Accurately representing the price-demand relationship is critical for the success of a price optimization system. This research first uses booking data from 28 U.S. hotels to investigate the validity of two key assumptions in hotel revenue management. The assumptions are: 1) customers who book later are willing to pay higher rates than customers who book earlier; and, 2) demand is stronger during the week than on the weekend. Empirical results based on an analysis of booking curves, average paid rates, and occupancy rates for group, restricted retail, unrestricted retail, and negotiated demand segments challenge the validity of these assumptions. The combination of lower utilization rates and greater product differentiation suggests that hotels should apply different approaches than simply matching competitor rates to avoid losing market share. On days when inventory is near capacity, traditional yield management tactics deliver tremendous value, but these should be augmented by incorporating price response of demand and competition effects. On days when demand is soft and occupancy is projected to be low, price and competition based strategies should dominate.

The hotel price optimization problem with linear demand model is a quadratic programming problem with prices of products that utilize multiple staynight rooms as the decision variable. The optimal solution of the hotel price optimization problems has unique properties that enables us to develop an alternative optimization algorithm that does not require solving quadratic optimization problem. Using the well known least norm problem as a subroutine, the optimization problem can be solved as finding a minimum distance between a polyhedron defined by non-negative demand and capacity constraints. This algorithm is efficient when only a few of the staynights are highly constrained.

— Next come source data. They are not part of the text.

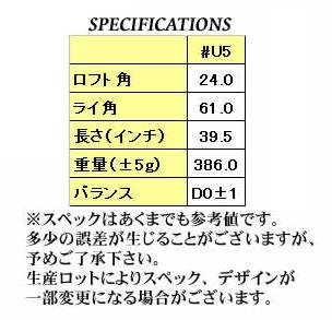 로프트각24°고, 라이각61°고, 길이39.5인치,중량386g,밸런스D0±1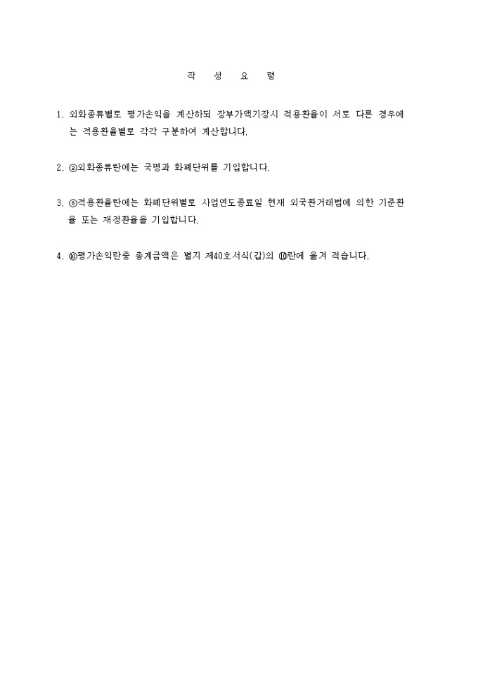 [별지 제40호 서식(을)] 외화자산등평가차손익조정명세서(을) 양식입니다. [작 성 요 령] 1. 외화종류별로 평가손익을 계산하되 장부가액기장시 적용환율이 서로 다른 경우에는 적용환율별로 각각 구분하여 계산합니다. 2. ②외화종류란에는 국명과 화폐단위를 기입합니다. 3. ⑧적용환율란에는 화폐단위별로 사업연도종료일 현재 외국환거래법에 의한 기준환율 또는 재정환율을 기입합니다. ....
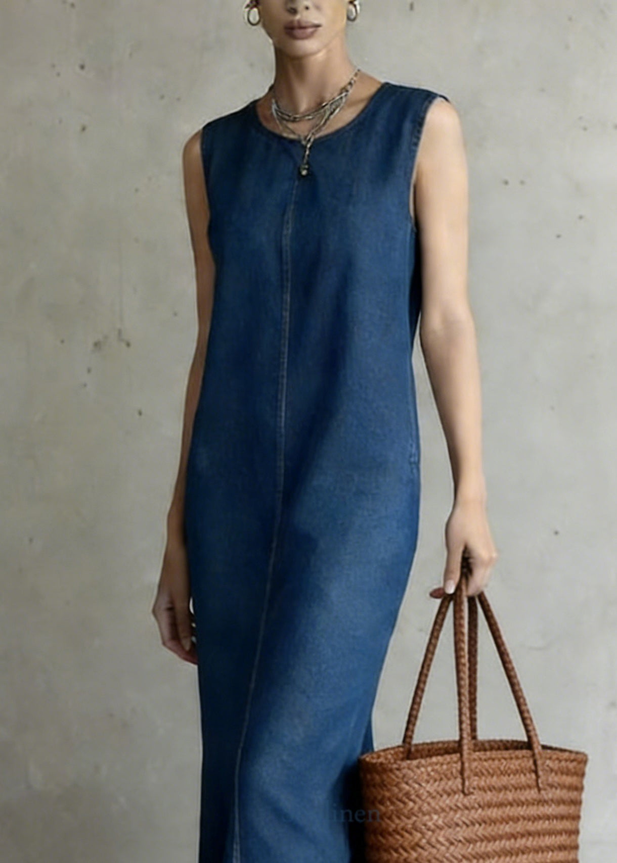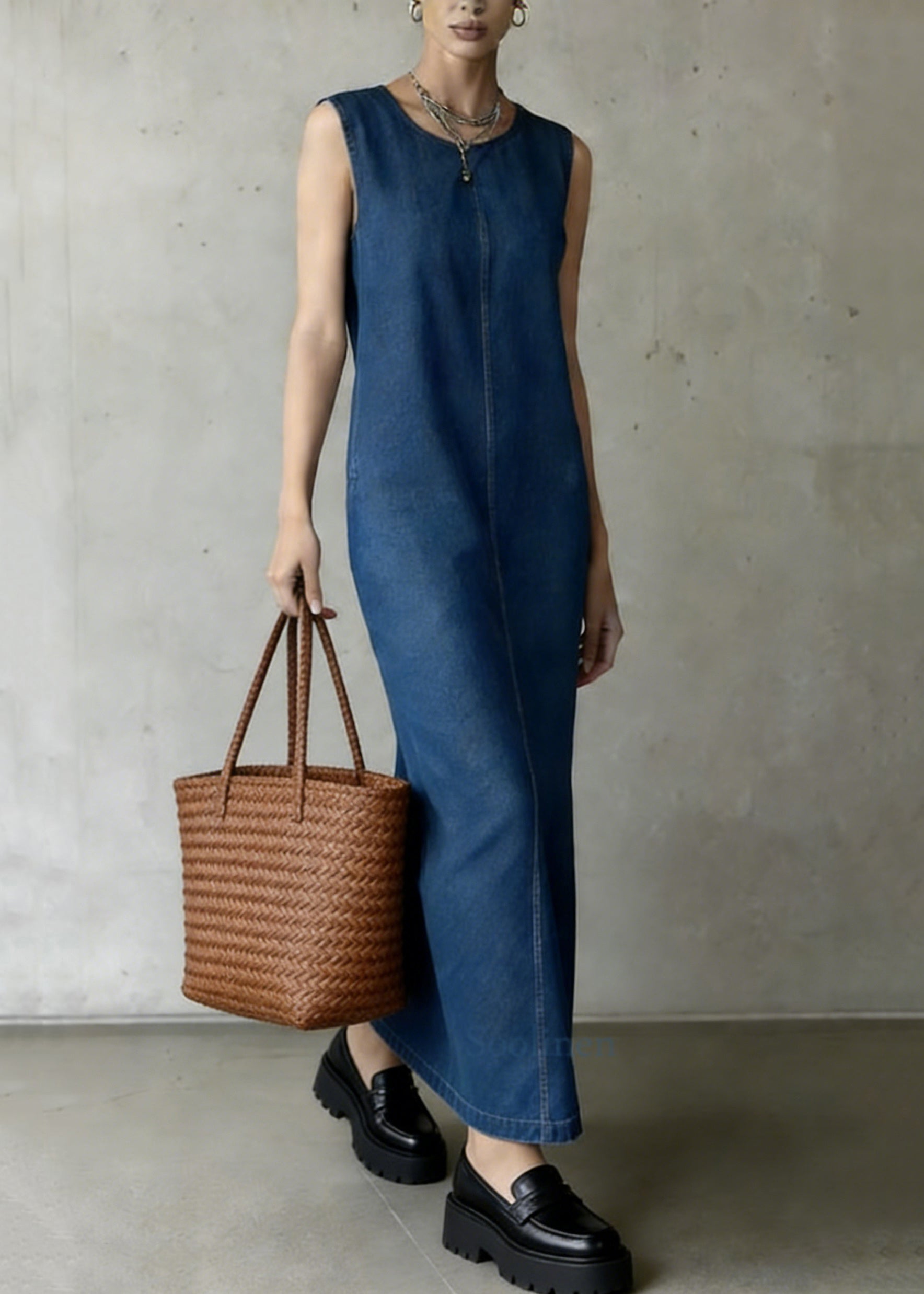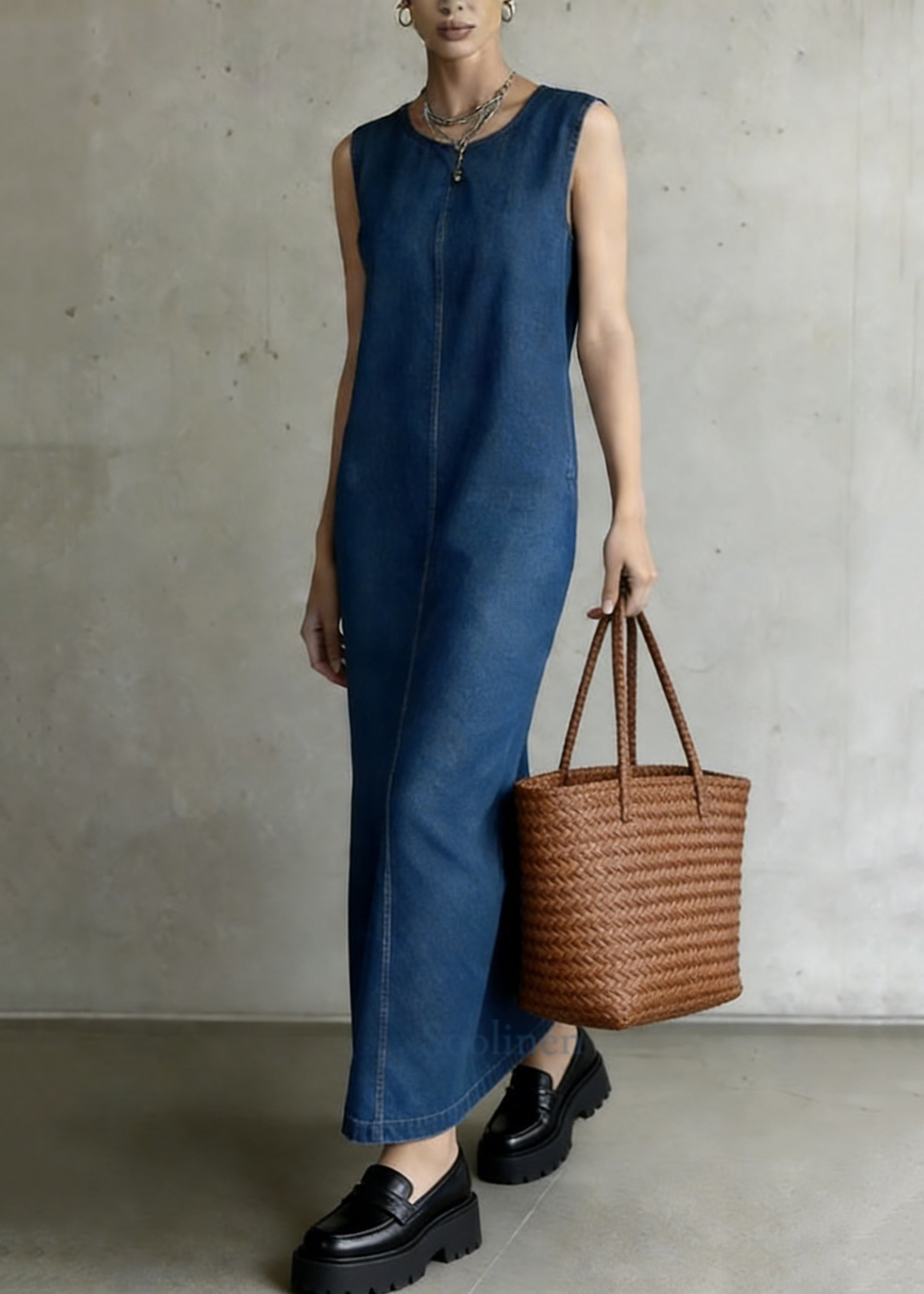 Women Denim Blue O-Neck Patchwork Long Dress Summer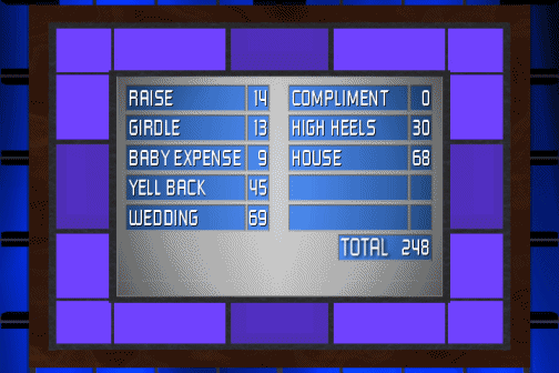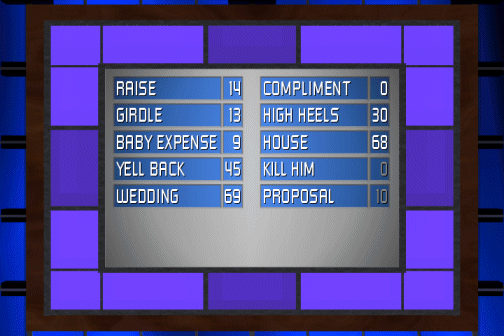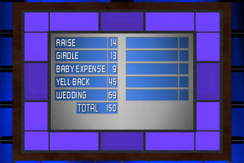 Questions What does a really nice boss give his secretary on Secretary's Day? Name something women wear that men think would be uncomfortable. Name something newlyweds save for. Name something you could do when your boss yells at you. Name an occasion when a man might be especially nervous. Jon's Answers/Scores

In practice, the choice of a demand model is largely driven by the ease of estimation and model fit statistics such as R2 and mean absolute percentage error (MAPE). These metrics provide measures of statistical validity of the model, however, they do not measure how well the price optimization will perform which is the ultimate interest of the practitioners. In order to measure the impact of demand models on price optimization performance, we first investigate the goodness of fit of linear demand models with different driver variables using actual data from 23 U.S. hotels representing multiple brands and location types. We find that hotels within the same location types (such as urban, suburban, airport) share similar driver variables. Airport and
suburban hotels have simpler model specifications with less drivers compared to the urban hotels. The airport hotel demand models are different from other location hotels in that the airport hotel demand level does not differ by day of week. We then measure the impact of demand model misrepresentation on the performance of price optimization through simulation experiments, which are performed for different levels of demand and forecast accuracy to represent various market environments that hotels operate in. We find that using models with missing driver variables can reduce the potential revenue by 13%∼53% and using the wrong functional form
5%∼43% under our simulation environment. The findings from our research imply that correctly representing the demand model in price optimization is crucial to its success. In order for hotels to realize the maximum potential revenue through pricing, efforts should be focused on identifying the major driver variables influencing demand including the ones that we found to be significant.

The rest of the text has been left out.